De même que pour toutes les autres oeuvres montées dans ces conditions, ces décors ne doivent servir à aucune des représentations publiques, même les plus brillantes. Celui de la cathédrale de Reims, que le roi a fait exécuter pour le tableau du couronnement, est un véritable chef-d'œuvre de peinture décorative et la scène du cortège du sacre, comme elle est mai organisée pour le roi, est d'une splendeur et d'une richesse qui défient la description. On sait qu'il y a quelques années le roi fit à Reims une excursion soudaine dont on ignorait le but.
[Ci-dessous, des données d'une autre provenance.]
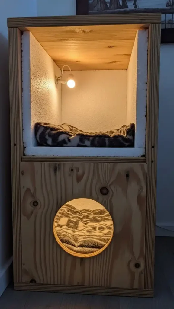 This design uses a simple wooden crate or plywood box as the base, lined with rigid styrofoam panels before adding soft bedding.
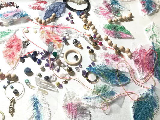 入院中の未就学の病児とご家族が制作参加。羽状の布にフィンガーペイントを施した。ギャラリーでは治療中の子供が受け取るビーズからイメージした作品を展示、病棟にはアヒルの親子の絵画への素材に組み込んで展示した。
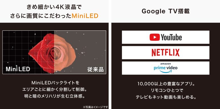 いずれも、高いコントラスト表現を実現するMini LEDバックライトを搭載した4K液晶テレビ。エリアごとにバックライトを消灯することで、液晶パネル特有の黒画面の白浮きを抑制し、“深い黒”を表現。液晶パネルの特徴である“まばゆい白”も引き立てる。
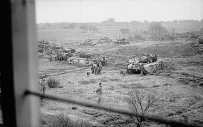 Танки «Черчилль» 34-й танковой бригады в Рейхсвальде во время операции «Веритебл», 8 февраля 1945 г.

A son retour il ordonna de recommencer le décor de la cathédrale, voulant qu'elle fût reproduite avec fidélité jusque dans ses moindres détails.
Les révélations sur l'attitude du roi Louis dans ces représentations secrètes sont de nature à intéresser le lecteur. On sait déjà que S. M. bavaroise tient rigoureusement à être seule dans la salle. Même l'intendant des spectacles le baron von Perfall (3), ne peut se montrer. Un jour, blotti au fond d'une loge, il fut aperçu, malgré l'obscurité, par le regard perçant du roi qui en fut très irrité et le lui fit savoir immédiatement. Quand le baron von Perfall veut assister aux représentations, il est obligé de se cacher dans les coulisses, derrière un portait.
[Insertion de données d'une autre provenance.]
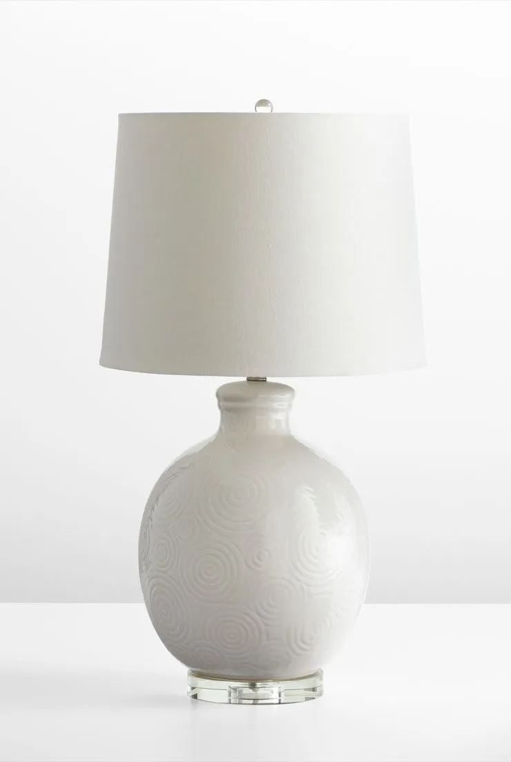 Ceramic / Crystal Base / White Fabric Shade / Satin White Lining

Le roi est d'une extrême amabilité envers vers les artistes, mais il est particulièrement sévère sur un point: aussitôt qu'un acteur a sauté le plus petit mot ou prononcé un "et" à la place d'un "ou", il lui en fait faire l'observation sur la scène de la façon la plus dure par un laquais qui se tient en permanence dans l'antichambre de la loge royale. Par contre, il a l'habitude, après les scènes qui l'ont particulièrement charmé, d'envoyer aux artistes des cadeaux de grande valeur. Sous ce rapport, il est d'une générosité incroyable, et, si une représentation a produit en lui une impression saillante, il arrive souvent que vers deux heures du matin on sonne à la porte des artistes, hommes ou femmes, et qu'un laquais apporte, soit un bracelet, soit une croix, soit une broche, soit une bague au comédien, à la chanteuse ou au chanteur qui a eu le bonheur de plaire particulièrement au roi.
Ces témoignages de bienveillance magnifique font que les artistes passent beaucoup de caprices à leur unique auditeur."
Commentaire
A noter que le grand spécialiste allemand des représentations privées, Kurt Hommel, ne mentionne pas la représentation manquée de 1879 dont il est ici question ici dans sa remarquable étude Die Separatvorstellungen von König Ludwig II. von Bayern, Laokoon-Verlag, München. 1963. L'information du Journal des débats se voit partiellement contredite par le fait que l'artiste "licenciée de la troupe" se retrouve sur scène quelques jours plus tard dans le rôle de la Pompadour, du moins d'après Hommel (p. 219).
Notes
(1) Il doit s'agir non d'un opéra (Rosa Herzfeld-Link était actrice, et non chanteuse d'opéra) mais de la pièce de théâtre La Pucelle d'Orléans de Schiller, que le roi fit représenter les 1er et 3 novembre 1875 en représentations privées (voir la coupure de presse du
Würzburger Presse, 05.11.1875) , et dont il fit annuler une représentation en 1879.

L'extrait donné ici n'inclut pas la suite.